In R the transformation to the vector space would look like this:

library(tm)

shortDesc = all$Headline
    longDesc = all$Abstract

corpus = Corpus(VectorSource(c(shortDesc, longDesc)))
corpus = tm_map(corpus, tolower)
corpus = tm_map(corpus, PlainTextDocument)
corpus = tm_map(corpus, removePunctuation)
corpus = tm_map(corpus, removeWords, stopwords("english"))

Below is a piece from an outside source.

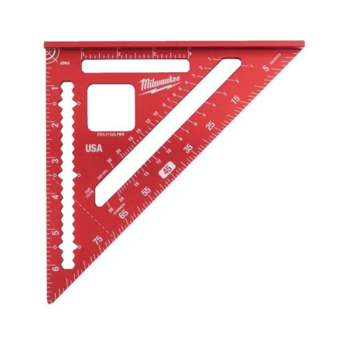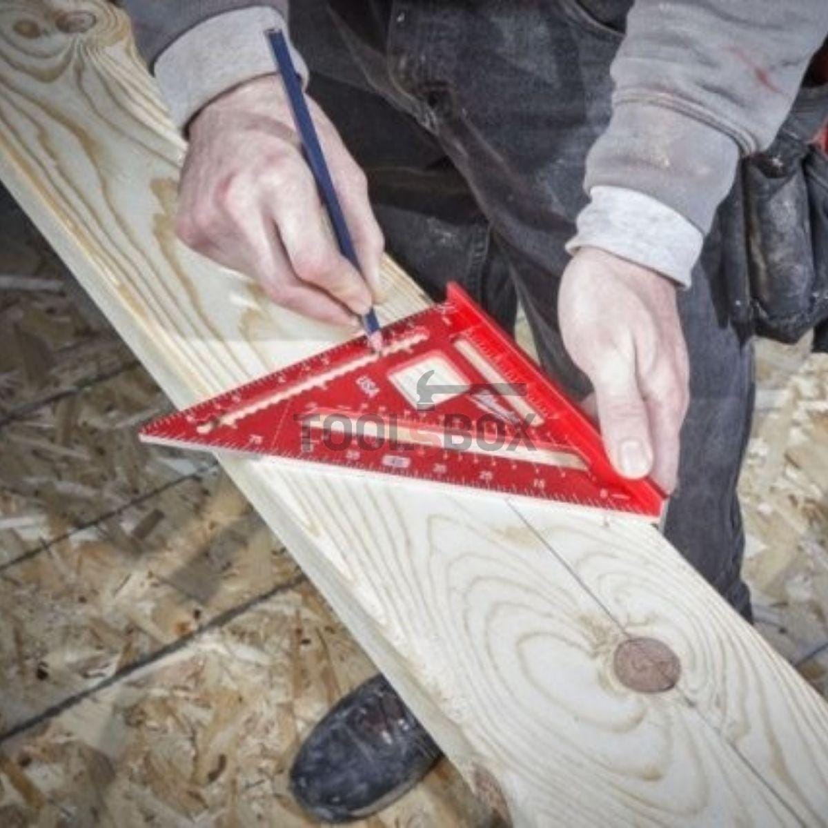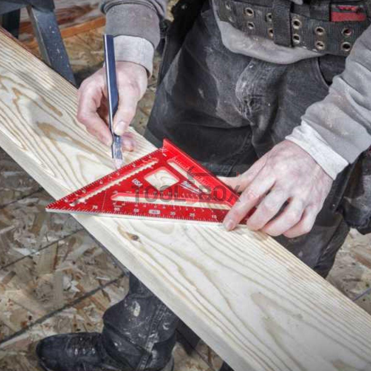 Дърводелският триъгълник 4932472123 на Milwaukee RAFTER е с по-здрава рамка и е най-гъвкавият дърводелски ъгъл. Прорези от 25 мм до 145 мм ви позволяват лесно и точно да маркирате дървен материал. Подсилената рамка осигурява по-голяма издръжливост на работното място, докато лазерно гравирани, добре видими маркировки улесняват разчитането на оформлението на гредите. Прецизна скала на интервали от 5 мм, основата с ширина 28 мм осигурява сигурен захват и прецизност. Лазерното маркиране гарантира най-висока точност и четливост. Държач за тръба 25 мм – благодарение на квадратния отвор е възможно да се захване сигурно тръбата по време на рязане.

dtm = DocumentTermMatrix(corpus)
m1 = dtm[1:100, ]
m2 = dtm[101:150, ]

Here m1 is the document matrix for the short description and m2 is the matrix with long descriptions

And now you can use cosine for matching. I don't seem to be able to find an implementation of the cosine similarity function for the tm package, but luckily it's very easy to implement this function ourselves

library(slam)

cosine = function(m1, m2=m1) {
  norm_m1 = row_sums(m1 ^ 2)
  norm_m2 = row_sums(m2 ^ 2)

  cross = as.simple_triplet_matrix(sqrt(outer(norm_m1, norm_m2)))
  tcrossprod_simple_triplet_matrix(m1, m2) / cross
}

The tm library relies on the slam package for the sparse matrices implementation, so we can use it as well and avoid converting to the dense representation. It probably should be faster this way.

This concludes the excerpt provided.